§ **About this task**: Print the lines below from the line with "girl w/ basket" to the line with "Not Angka Aku" exactly, keeping both ends, and print no pictures.

§ **Provided entries**:
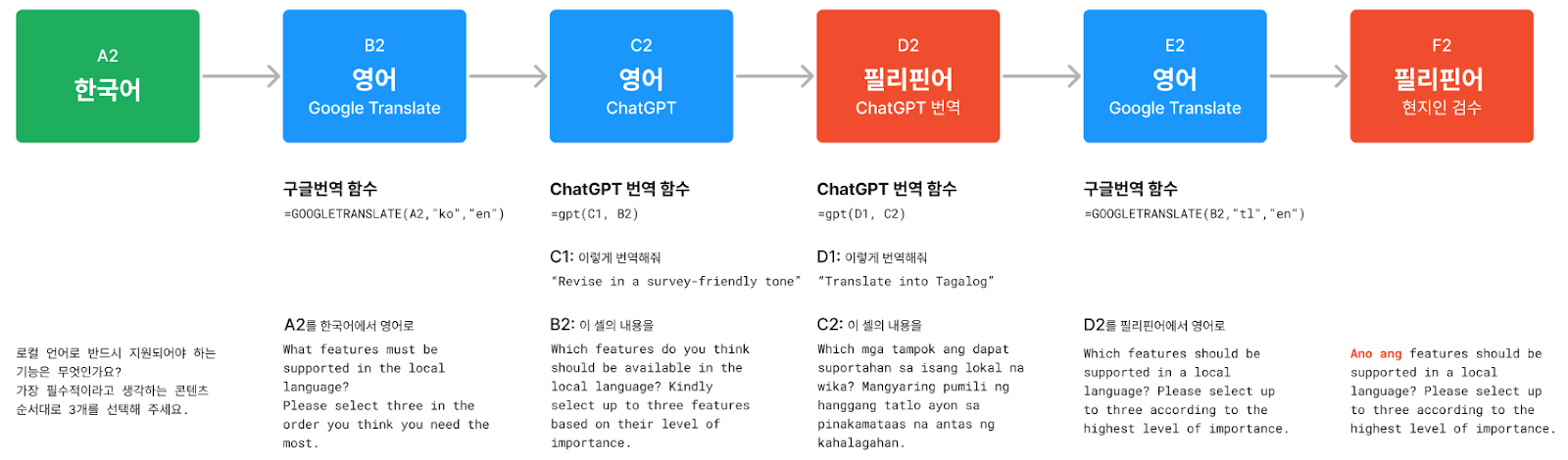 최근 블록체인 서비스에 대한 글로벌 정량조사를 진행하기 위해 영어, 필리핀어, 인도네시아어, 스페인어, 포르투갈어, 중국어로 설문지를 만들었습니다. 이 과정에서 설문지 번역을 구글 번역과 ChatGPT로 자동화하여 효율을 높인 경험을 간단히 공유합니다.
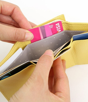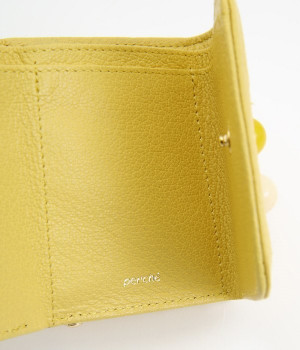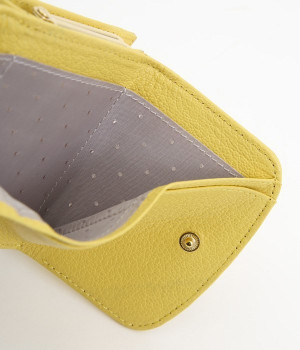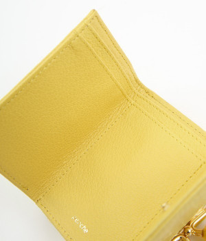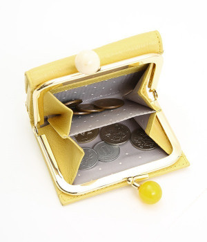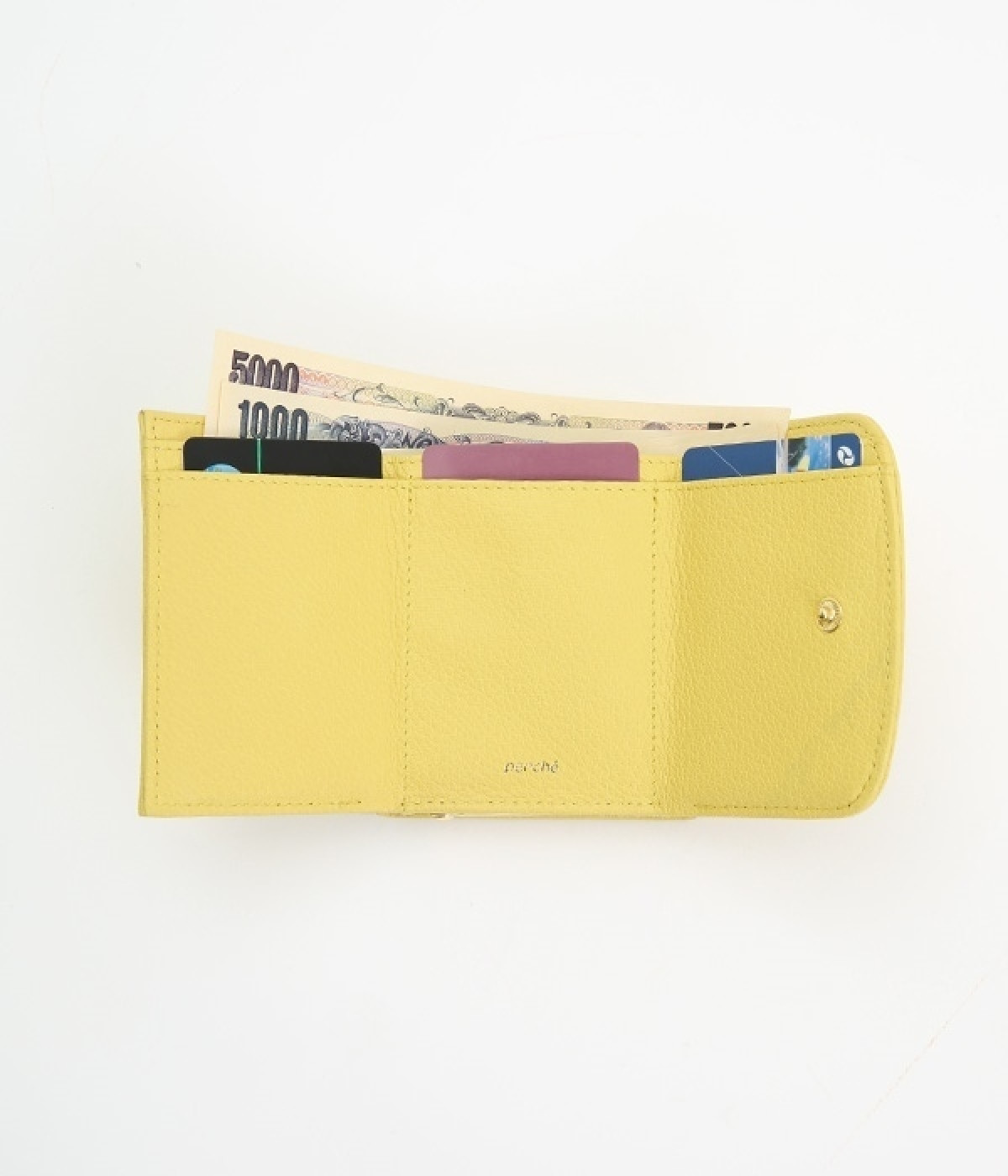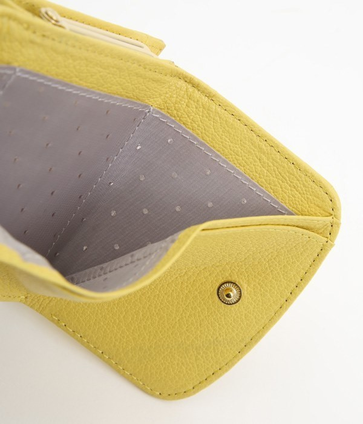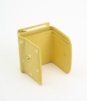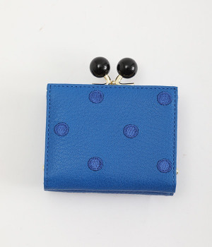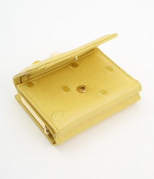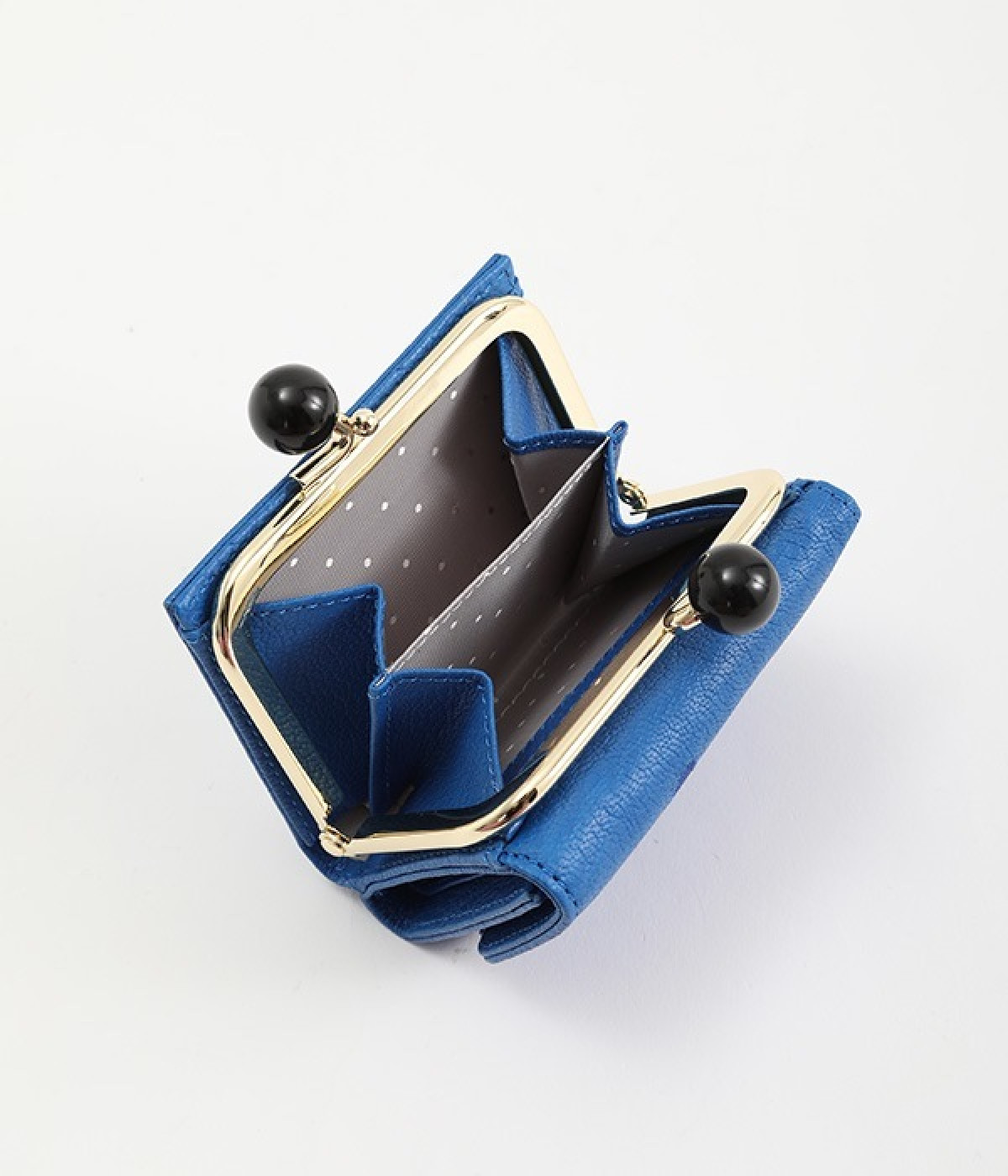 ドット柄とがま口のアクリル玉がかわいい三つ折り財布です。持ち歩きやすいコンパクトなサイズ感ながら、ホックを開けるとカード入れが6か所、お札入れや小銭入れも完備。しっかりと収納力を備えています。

--

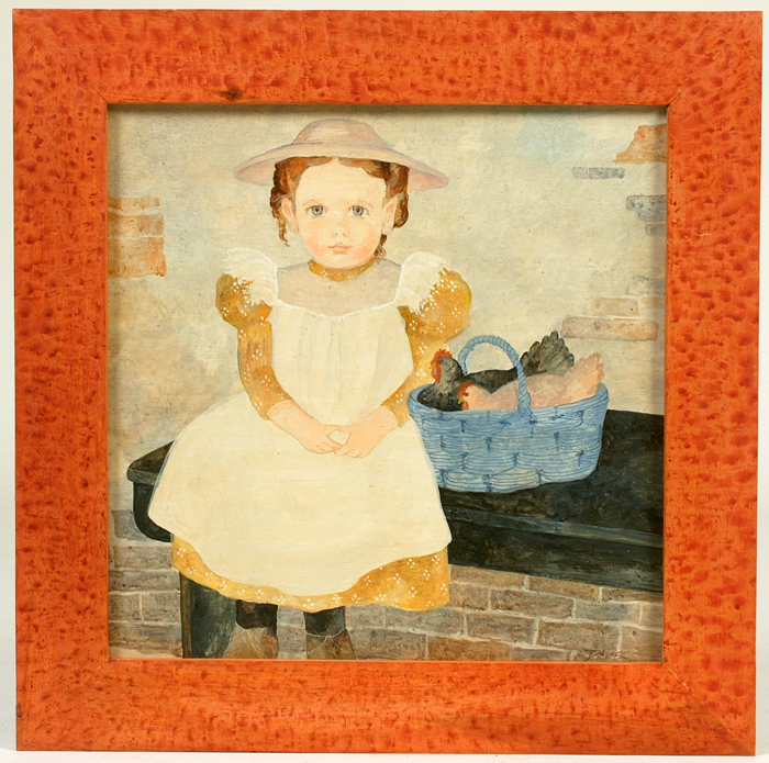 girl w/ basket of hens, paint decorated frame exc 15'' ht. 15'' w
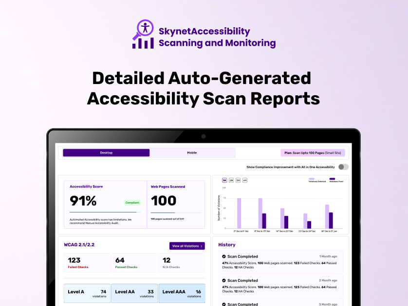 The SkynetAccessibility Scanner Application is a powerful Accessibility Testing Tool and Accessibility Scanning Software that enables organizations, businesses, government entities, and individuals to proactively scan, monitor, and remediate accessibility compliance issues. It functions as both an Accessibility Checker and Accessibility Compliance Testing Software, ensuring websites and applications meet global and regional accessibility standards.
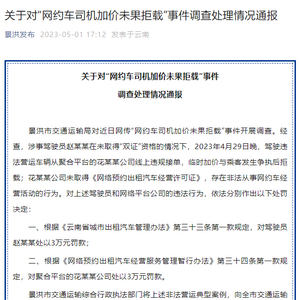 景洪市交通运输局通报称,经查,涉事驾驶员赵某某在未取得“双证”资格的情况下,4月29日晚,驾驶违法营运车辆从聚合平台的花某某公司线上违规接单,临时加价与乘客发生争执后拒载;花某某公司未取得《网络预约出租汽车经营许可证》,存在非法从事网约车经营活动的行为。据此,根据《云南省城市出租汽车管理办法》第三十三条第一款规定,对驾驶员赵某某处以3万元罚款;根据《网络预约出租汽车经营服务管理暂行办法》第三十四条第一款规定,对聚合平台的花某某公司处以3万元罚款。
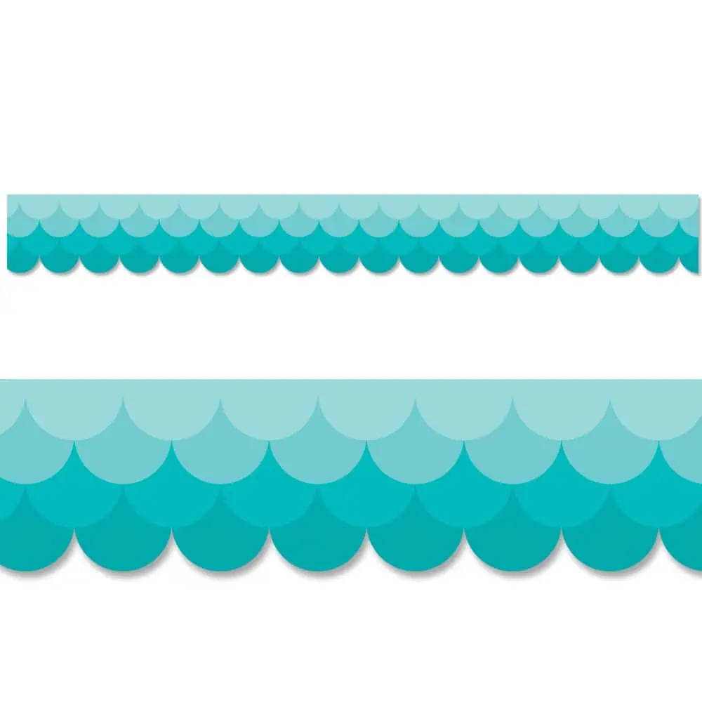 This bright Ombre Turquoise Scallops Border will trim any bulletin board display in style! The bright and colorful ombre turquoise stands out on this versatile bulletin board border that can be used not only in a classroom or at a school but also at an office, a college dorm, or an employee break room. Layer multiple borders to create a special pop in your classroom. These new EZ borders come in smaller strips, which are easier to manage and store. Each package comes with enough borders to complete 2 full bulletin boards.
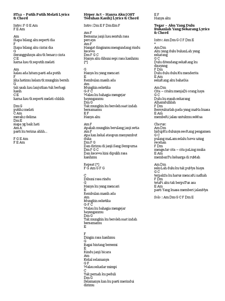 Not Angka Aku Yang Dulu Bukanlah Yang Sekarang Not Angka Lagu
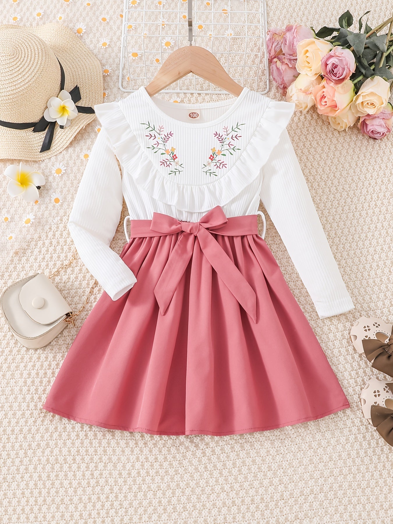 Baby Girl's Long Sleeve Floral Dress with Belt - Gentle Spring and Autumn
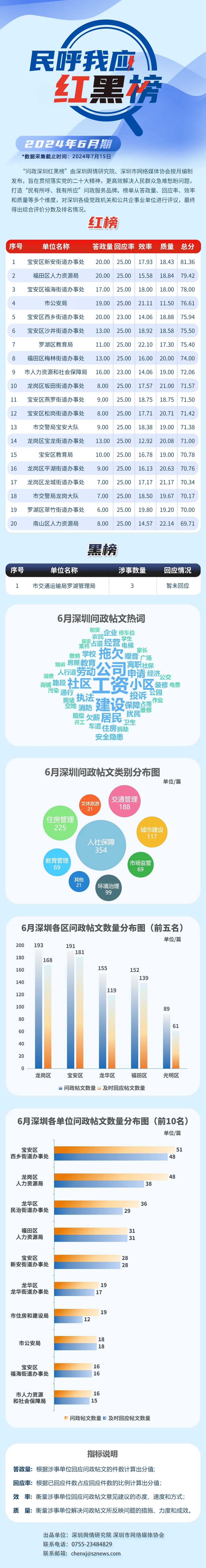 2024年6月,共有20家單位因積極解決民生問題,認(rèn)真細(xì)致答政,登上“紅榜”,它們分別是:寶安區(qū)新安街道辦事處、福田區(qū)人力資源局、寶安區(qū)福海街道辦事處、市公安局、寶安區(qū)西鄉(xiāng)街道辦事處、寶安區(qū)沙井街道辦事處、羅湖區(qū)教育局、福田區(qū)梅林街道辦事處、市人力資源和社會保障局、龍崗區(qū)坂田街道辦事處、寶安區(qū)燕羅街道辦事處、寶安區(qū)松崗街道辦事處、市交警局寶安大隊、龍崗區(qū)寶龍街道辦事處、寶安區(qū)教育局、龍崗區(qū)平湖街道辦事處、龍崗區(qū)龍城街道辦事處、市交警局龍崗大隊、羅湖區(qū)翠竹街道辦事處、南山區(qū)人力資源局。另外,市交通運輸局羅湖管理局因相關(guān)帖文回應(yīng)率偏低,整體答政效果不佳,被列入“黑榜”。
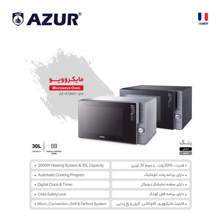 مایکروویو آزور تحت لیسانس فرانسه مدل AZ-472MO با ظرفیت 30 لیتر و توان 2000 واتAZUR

==

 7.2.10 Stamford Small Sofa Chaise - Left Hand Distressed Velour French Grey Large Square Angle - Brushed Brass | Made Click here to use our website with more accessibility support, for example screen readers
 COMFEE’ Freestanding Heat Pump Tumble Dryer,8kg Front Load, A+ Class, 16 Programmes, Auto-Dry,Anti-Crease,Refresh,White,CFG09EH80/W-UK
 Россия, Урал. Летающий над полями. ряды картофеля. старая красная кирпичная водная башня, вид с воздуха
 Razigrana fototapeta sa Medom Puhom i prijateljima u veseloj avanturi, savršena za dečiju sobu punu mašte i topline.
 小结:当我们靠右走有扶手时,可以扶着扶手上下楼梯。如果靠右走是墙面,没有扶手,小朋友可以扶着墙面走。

§ **Solved problem**:
 girl w/ basket of hens, paint decorated frame exc 15'' ht. 15'' w
 The SkynetAccessibility Scanner Application is a powerful Accessibility Testing Tool and Accessibility Scanning Software that enables organizations, businesses, government entities, and individuals to proactively scan, monitor, and remediate accessibility compliance issues. It functions as both an Accessibility Checker and Accessibility Compliance Testing Software, ensuring websites and applications meet global and regional accessibility standards.
 景洪市交通运输局通报称,经查,涉事驾驶员赵某某在未取得“双证”资格的情况下,4月29日晚,驾驶违法营运车辆从聚合平台的花某某公司线上违规接单,临时加价与乘客发生争执后拒载;花某某公司未取得《网络预约出租汽车经营许可证》,存在非法从事网约车经营活动的行为。据此,根据《云南省城市出租汽车管理办法》第三十三条第一款规定,对驾驶员赵某某处以3万元罚款;根据《网络预约出租汽车经营服务管理暂行办法》第三十四条第一款规定,对聚合平台的花某某公司处以3万元罚款。
 This bright Ombre Turquoise Scallops Border will trim any bulletin board display in style! The bright and colorful ombre turquoise stands out on this versatile bulletin board border that can be used not only in a classroom or at a school but also at an office, a college dorm, or an employee break room. Layer multiple borders to create a special pop in your classroom. These new EZ borders come in smaller strips, which are easier to manage and store. Each package comes with enough borders to complete 2 full bulletin boards.
 Not Angka Aku Yang Dulu Bukanlah Yang Sekarang Not Angka Lagu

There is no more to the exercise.